With the new iPhone 5c and scarce iPhone 5s leading the way for quarterly revenue, Apple should rake in monster profits when it announces its December quarter in mid-January; Apple continues to roll out those new iPhones out to new countries each week. The iPhone line does face a cannibalization issue for the first time, but since sales of the more expensive iPhone 5s are outweighing the cheaper iPhone 5c by a significant margin, Apple should enjoy fine profits from its iPhone line in Q1 2014.

As for the iPad, Apple last Tuesday introduced its new iPad lineup, which includes the iPad Air ($499), the iPad mini with Retina display ($399), the iPad 2 ($399), and the first-generation iPad mini ($299). Like the iPhone 5c and iPhone 5s, the cheaper iPad models will likely be less popular than the newer, more expensive models, which should again result in huge profits – that is, unless the cheaper tablets from Amazon or Google have anything to say about that.
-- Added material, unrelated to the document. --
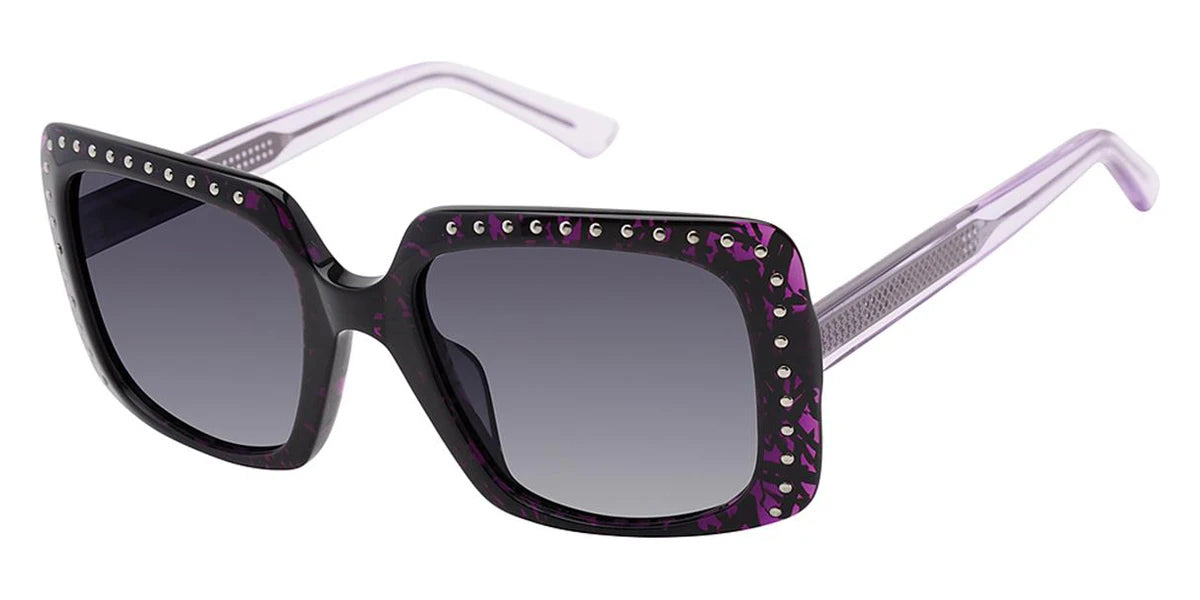 Purple (c03) Sunglasses with Gray Gradient Polarized lenses (BUCI c03 54) by Nicole Miller™. Size: 54-20-140, Shape: Oversized, Material: Acetate.

“It seems as though Apple is trying to push average selling prices for iPads back up again after they've dropped steadily over the past year,” Jan Dawson, chief analyst at London-based market research firm Ovum, told IBTimes. “Both (the iPad Air and Retina iPad mini) should sell very well, especially over the holiday period, but Apple held off being as disruptive as they might have been by pricing them relatively high.”

Apple will also have a handful of new Macs powered by its new OS X Mavericks platform in Q1 2014, including an updated Retina MacBook Pro line and the redesigned Mac Pro, which hasn’t seen a meaningful update since 2010. The impact of these new computers may slightly improve sales for the following quarter, especially since it falls within the holiday season.

But if Apple needs help improving its share price, maybe it should follow the advice of activist investor Carl Icahn, who has been pushing for Apple to announce a $150 billion stock buyback program, which would let it take on billions of dollars in debt via bond sales and thus be able to purchase its own outstanding shares. It could then report higher earnings per share with fewer outstanding shares. Apple announced a $60 billion buyback program in April, and currently has $44 billion left in its buyback budget after splurging on 36 million shares in the June quarter worth $444 a piece on average.

On Monday, shares of AAPL settled in at about $529 apiece by the time the market closed; AAPL shares started the day at about $525.